What to do:
Every line below is to be set down again exactly; any image stays out.

(Saved entries)
[Start of section]

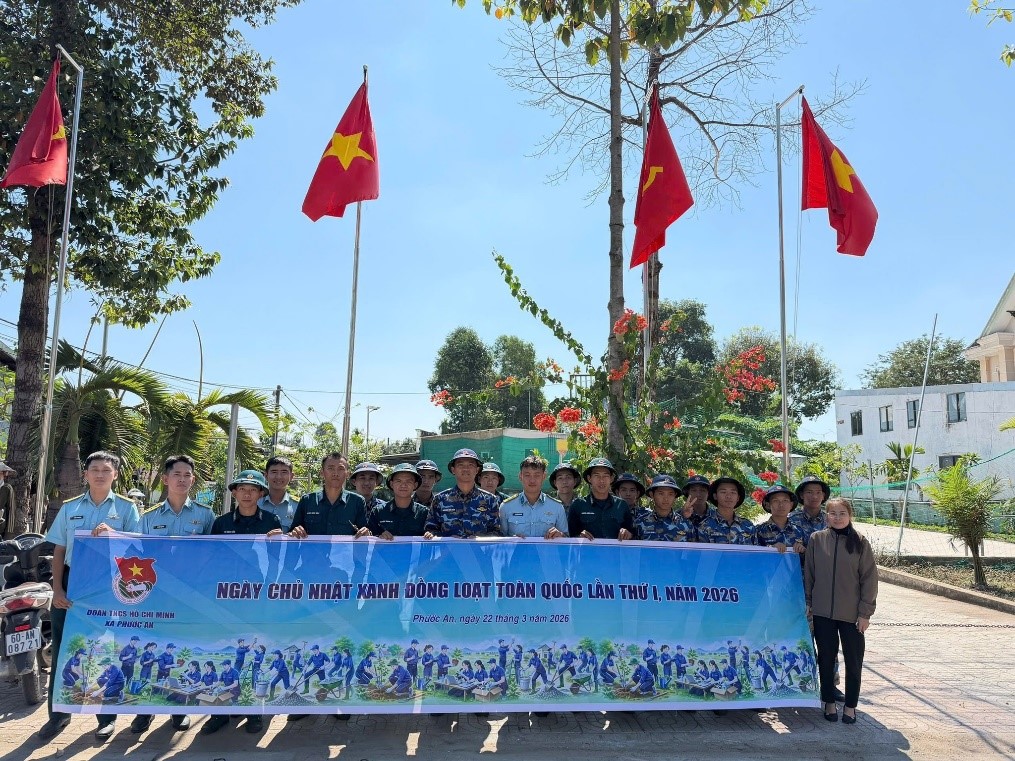 Sáng ngày 22-3, <a name="_Hlk225233283">Đoàn TNCS Hồ Chí Minh xã Phước An</a> phối hợp với đơn vị Trung tâm huấn luyện vùng 2 Hải quân và tiểu đoàn Tên lửa 44 đồng loạt ra quân hưởng ứng “Ngày Chủ nhật xanh” lần thứ I năm 2026.
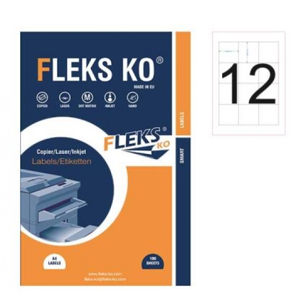 Етикети Fleks Ko Бели, прави ъгли, 58x60 mm A4, 100 л. 12 етик./лист
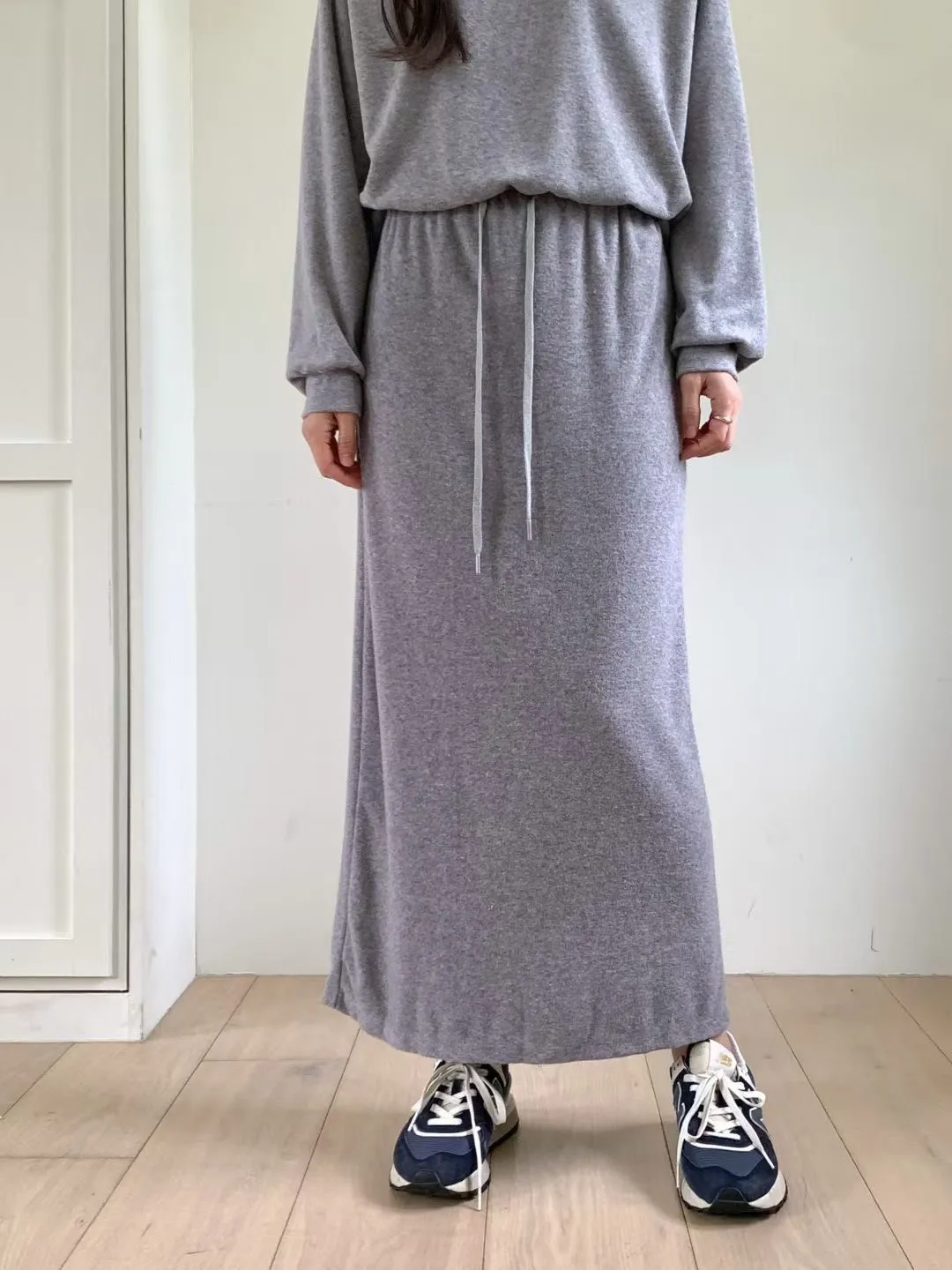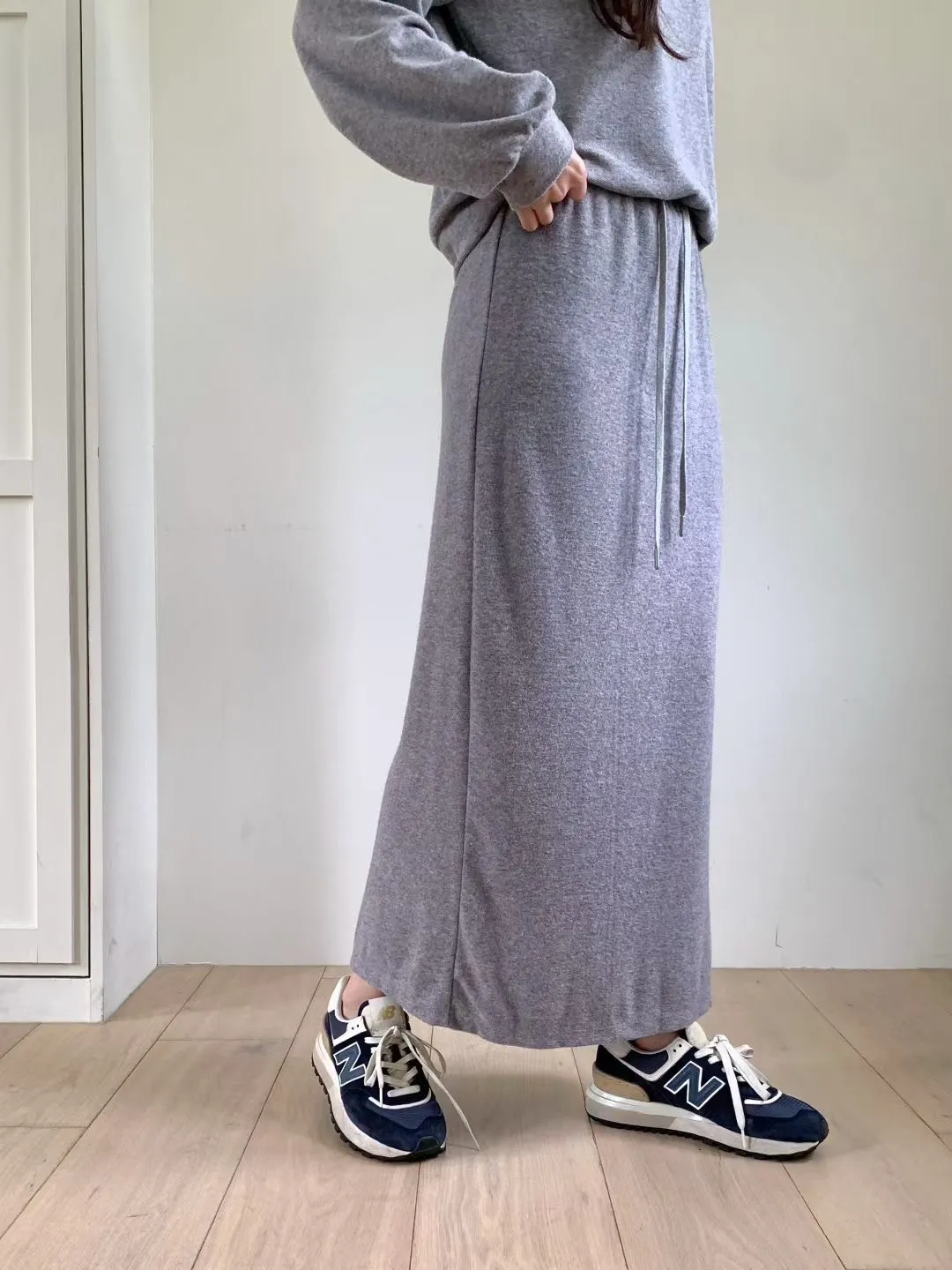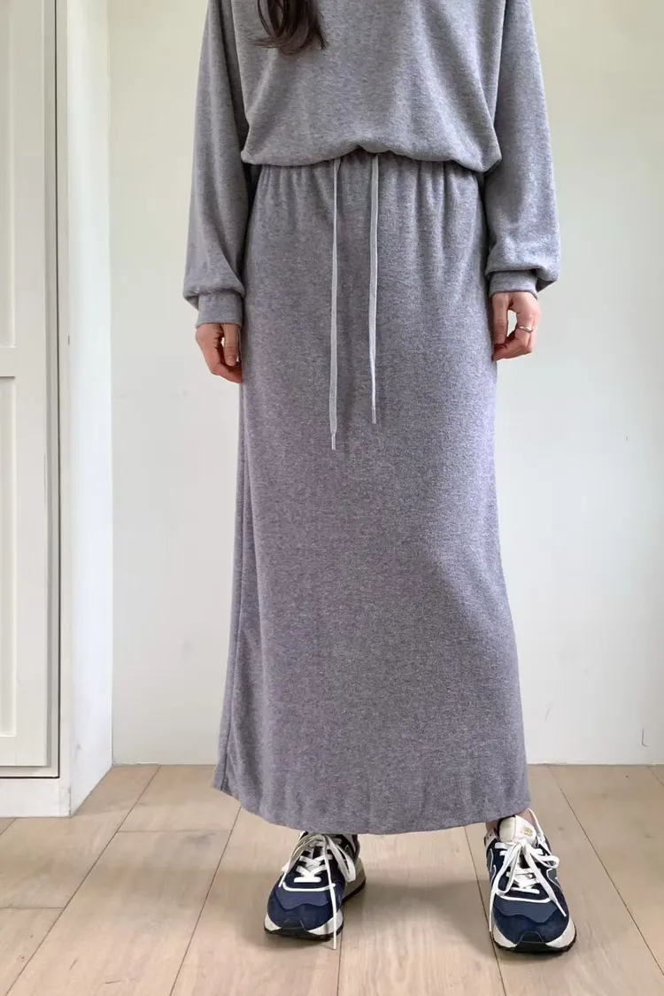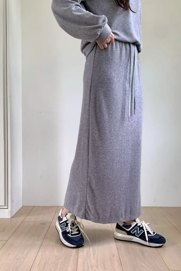 聚酯+縲縈+尼龍 觸感舒適 顯瘦修飾 全腰鬆緊有抽繩 灰有混色感
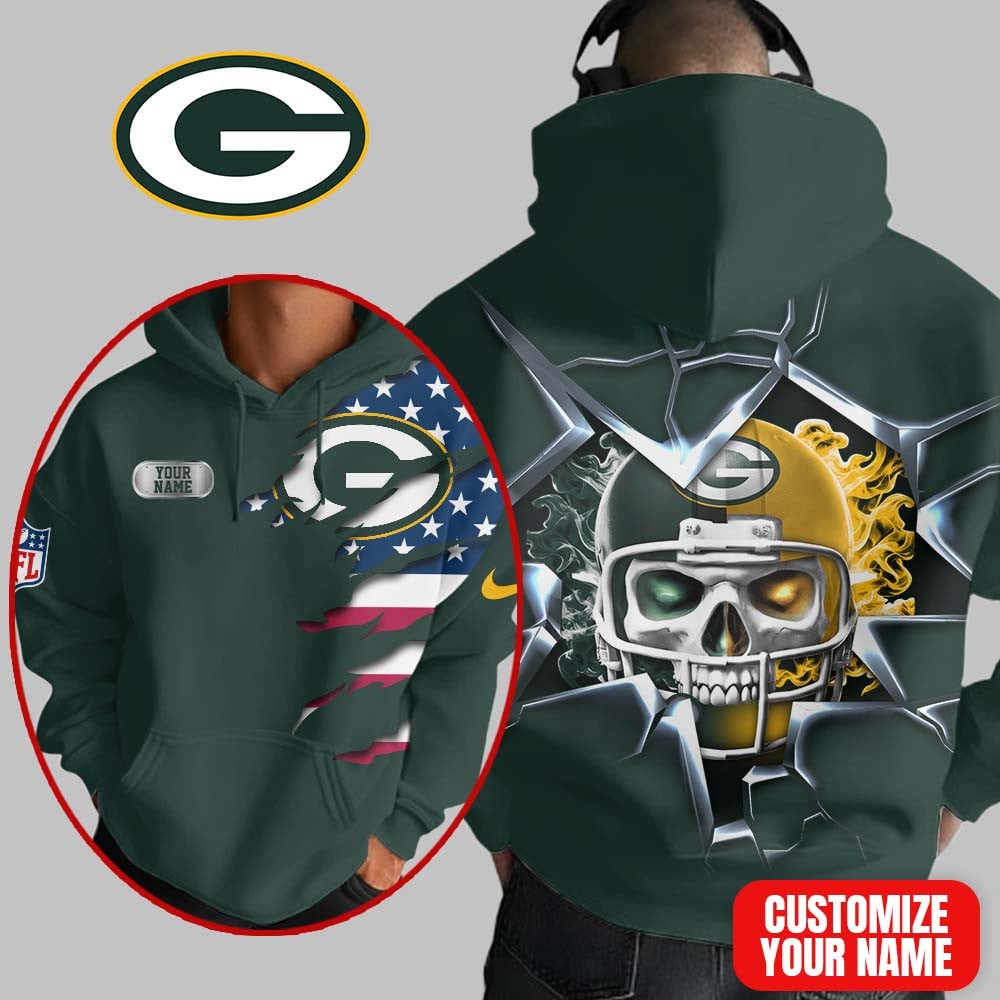 Green Bay Packers | Premium NFL Customizable Skull Hoodie
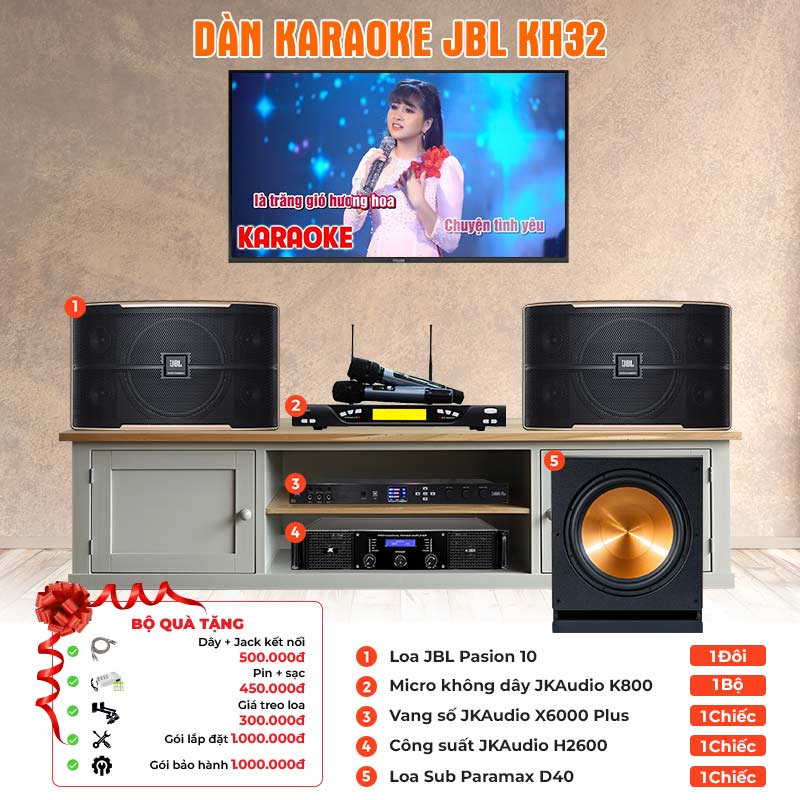 Đánh giá Dàn Karaoke JBL KH32 (Pasion 10, H2600, X6000 plus, K800, Sub Paramax D40)
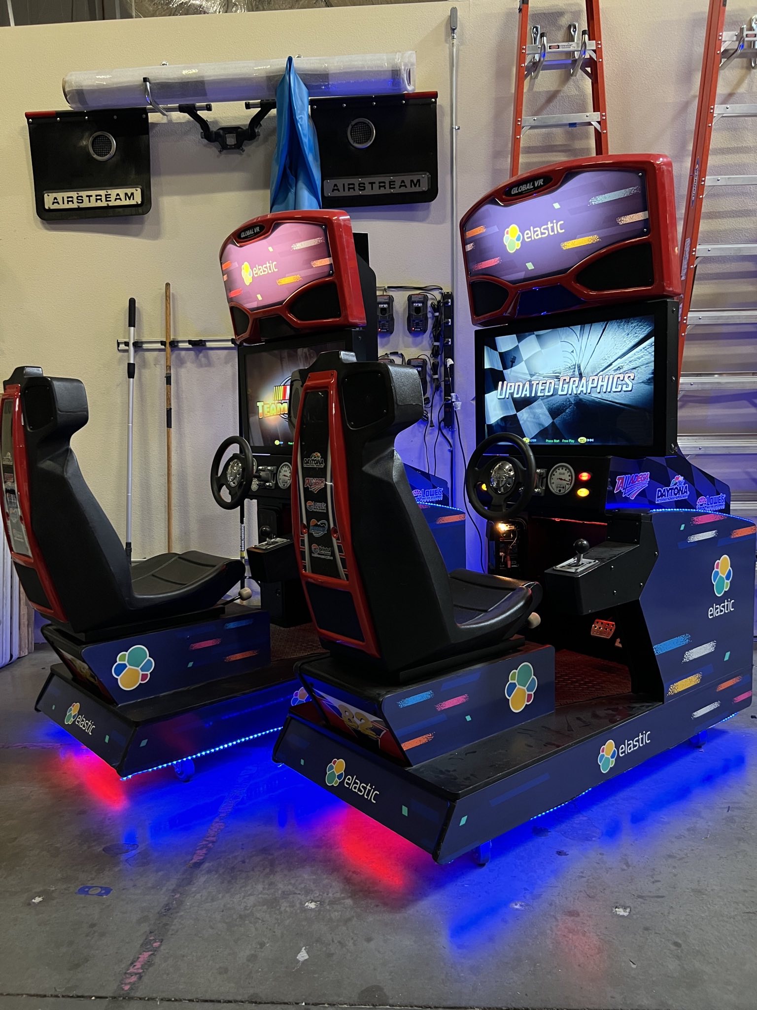 NASCAR racing game! Unrivaled graphics choose from all your favorite NASCAR drivers and courses. Units are linkable; perfect for fast paced competition. Players can select from multiple “real life” tracks and choose to be one of the actual “real life” professional NASCAR racers! We can electronically link all six-player positions so each player can race against each other. Add a huge overhead screen for other guests to watch the action!
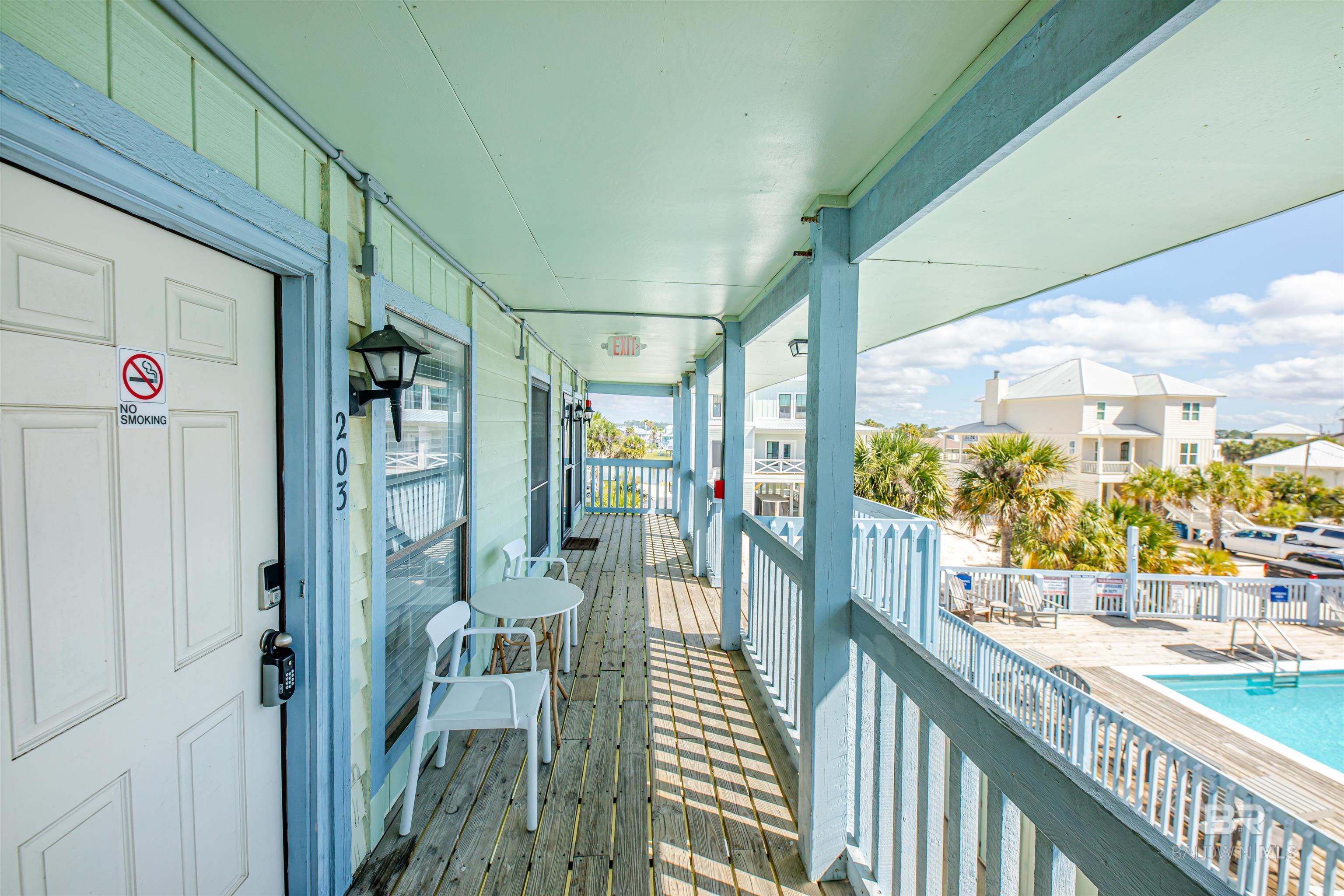 Welcome to B203, your new coastal getaway in Gulf Shores! This beautifully updated, 2 bed - 2 bath condo is located directly between the Gulf beaches and Little Lagoon giving you the best of both! This condo has been recently refreshed with newly painted cabinets & interior walls. The layout is functional with spacious bedrooms and a front porch overlooking the pool. B203 features include LVP & Tile Flooring, New HVAC in June of 2025 & a Newly installed 2nd floor window by COA. The Cove is a low-density complex offering amenities that include assigned covered parking, private lagoon access, launch/dock, community pool, covered BBQ/picnic area, additional parking lot, low HOA, and more! Conveniently located within a mile of the Hangout and near Pier33 grocery store, restaurants, popular attractions, shops and public beaches, this prime location makes it ideal for both owners and guests. Wether you’re searching for a personal beach retreat or a turn-key income-producing property, this unit checks all the boxes and is priced to sell! Buyer to verify all information during due diligence.
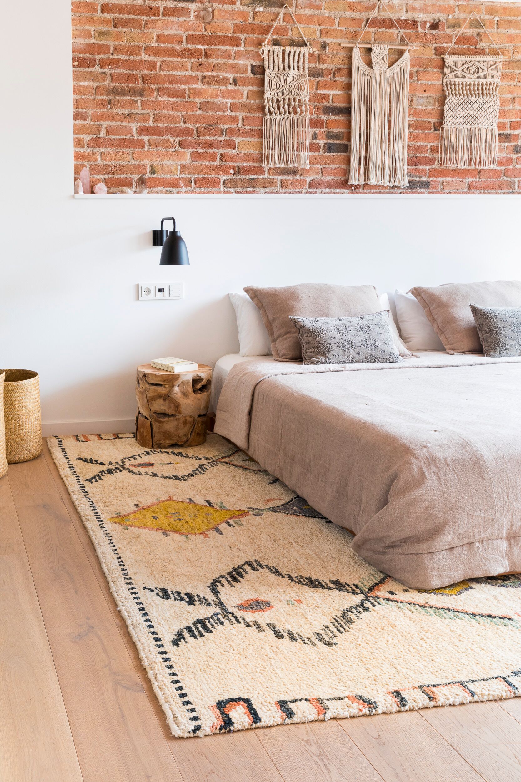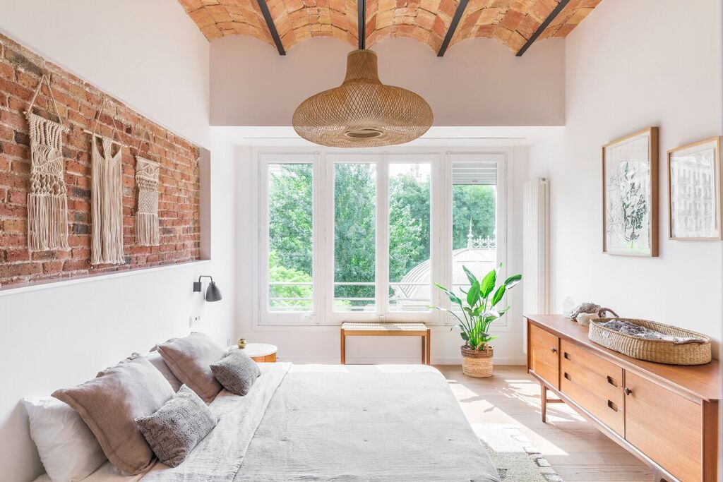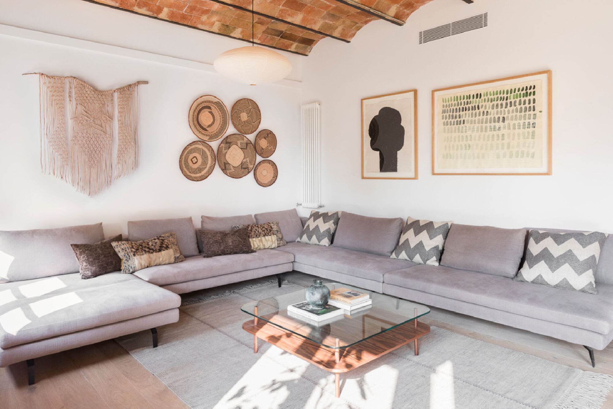 In order to achieve this, we started by changing the apartment’s initial layout into an interactive living space with the kitchen at its heart. By opening up former closed-off spaces we were able to bring in more natural light and create an organic flow throughout the space. We then opted for a décor in soft muted hues, using natural materials and various textures, which all complemented the apartment’s old Catalan vault ceiling. By incorporating key pieces of art as well as commissioned macramé and stoneware the space was given a homely and welcoming feel. The family loves it!
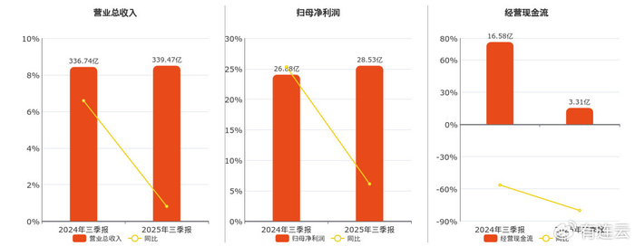 公司营业总收入为339.47亿元,较去年同报告期营业总收入增加2.72亿元,实现5年连续上涨,同比较去年同期上涨0.81%。归母净利润为28.53亿元,较去年同报告期归母净利润增加1.64亿元,实现5年连续上涨,同比较去年同期上涨6.11%。经营活动现金净流入为3.31亿元。

[End of section]

Result for this task:
 Sáng ngày 22-3, <a name="_Hlk225233283">Đoàn TNCS Hồ Chí Minh xã Phước An</a> phối hợp với đơn vị Trung tâm huấn luyện vùng 2 Hải quân và tiểu đoàn Tên lửa 44 đồng loạt ra quân hưởng ứng “Ngày Chủ nhật xanh” lần thứ I năm 2026.
 Етикети Fleks Ko Бели, прави ъгли, 58x60 mm A4, 100 л. 12 етик./лист
 聚酯+縲縈+尼龍 觸感舒適 顯瘦修飾 全腰鬆緊有抽繩 灰有混色感
 Green Bay Packers | Premium NFL Customizable Skull Hoodie
 Đánh giá Dàn Karaoke JBL KH32 (Pasion 10, H2600, X6000 plus, K800, Sub Paramax D40)
 NASCAR racing game! Unrivaled graphics choose from all your favorite NASCAR drivers and courses. Units are linkable; perfect for fast paced competition. Players can select from multiple “real life” tracks and choose to be one of the actual “real life” professional NASCAR racers! We can electronically link all six-player positions so each player can race against each other. Add a huge overhead screen for other guests to watch the action!
 Welcome to B203, your new coastal getaway in Gulf Shores! This beautifully updated, 2 bed - 2 bath condo is located directly between the Gulf beaches and Little Lagoon giving you the best of both! This condo has been recently refreshed with newly painted cabinets & interior walls. The layout is functional with spacious bedrooms and a front porch overlooking the pool. B203 features include LVP & Tile Flooring, New HVAC in June of 2025 & a Newly installed 2nd floor window by COA. The Cove is a low-density complex offering amenities that include assigned covered parking, private lagoon access, launch/dock, community pool, covered BBQ/picnic area, additional parking lot, low HOA, and more! Conveniently located within a mile of the Hangout and near Pier33 grocery store, restaurants, popular attractions, shops and public beaches, this prime location makes it ideal for both owners and guests. Wether you’re searching for a personal beach retreat or a turn-key income-producing property, this unit checks all the boxes and is priced to sell! Buyer to verify all information during due diligence.
 In order to achieve this, we started by changing the apartment’s initial layout into an interactive living space with the kitchen at its heart. By opening up former closed-off spaces we were able to bring in more natural light and create an organic flow throughout the space. We then opted for a décor in soft muted hues, using natural materials and various textures, which all complemented the apartment’s old Catalan vault ceiling. By incorporating key pieces of art as well as commissioned macramé and stoneware the space was given a homely and welcoming feel. The family loves it!
 公司营业总收入为339.47亿元,较去年同报告期营业总收入增加2.72亿元,实现5年连续上涨,同比较去年同期上涨0.81%。归母净利润为28.53亿元,较去年同报告期归母净利润增加1.64亿元,实现5年连续上涨,同比较去年同期上涨6.11%。经营活动现金净流入为3.31亿元。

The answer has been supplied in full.